For starters, Christian critics doubt laws will do any good. "Cigarette companies no longer advertise to youth, and yet smoking among youth is up," notes David Bruce of Hollywood Jesus. "And remember the Reagan commission on pornography? It removed Playboy magazine from all 7-11 stores. Two years later it was back! … No matter what good and useful laws are passed, it will not fully eliminate the problem."
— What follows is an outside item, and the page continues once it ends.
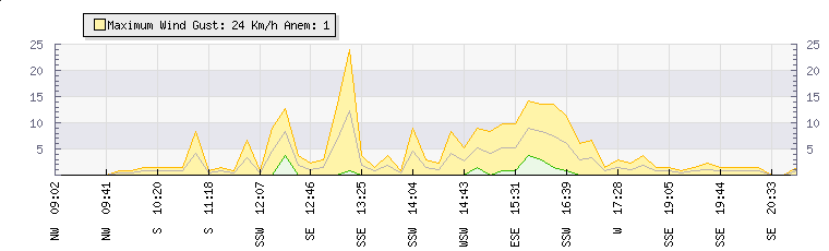 In the last few minutes the wind was East South East at an average speed of 1 kmh, reaching up to 1 kmh and a low of 0 kmh. The gust strength is1 kmh above the minimum speed |
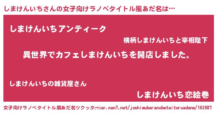 | 男性向けラノベタイトル風あだ名 | 『誰もが恐れるあのしまけんいちが、ぼくの専属メイドになるようです。』 |

World magazine elaborates: "It is not just that the advertising is directed to young people. The products are directed to young people." Michael Elliott of
Crosswalk.com says that's the drawback of a free market. "There will always be men and women who will, for self-serving reasons, act in a manner destructive to a moral or decent society. All governmental regulations would do is to change the manner in which such individuals would practice. But their practice will continue as long as the market exists, regulations or no regulations." (Even Sen. John McCain, chairman of the Senate hearing, concedes in
Newsweek that "the free market [does not trump] our children's well-being.")Even if government guidelines were to change Hollywood's output, most critics still wouldn't support them. "Personally, I am not sanguine about any form of government intrusion into the family and its affairs," says Thomas A. Carder, president of Childcare Action Project, "other than necessary ...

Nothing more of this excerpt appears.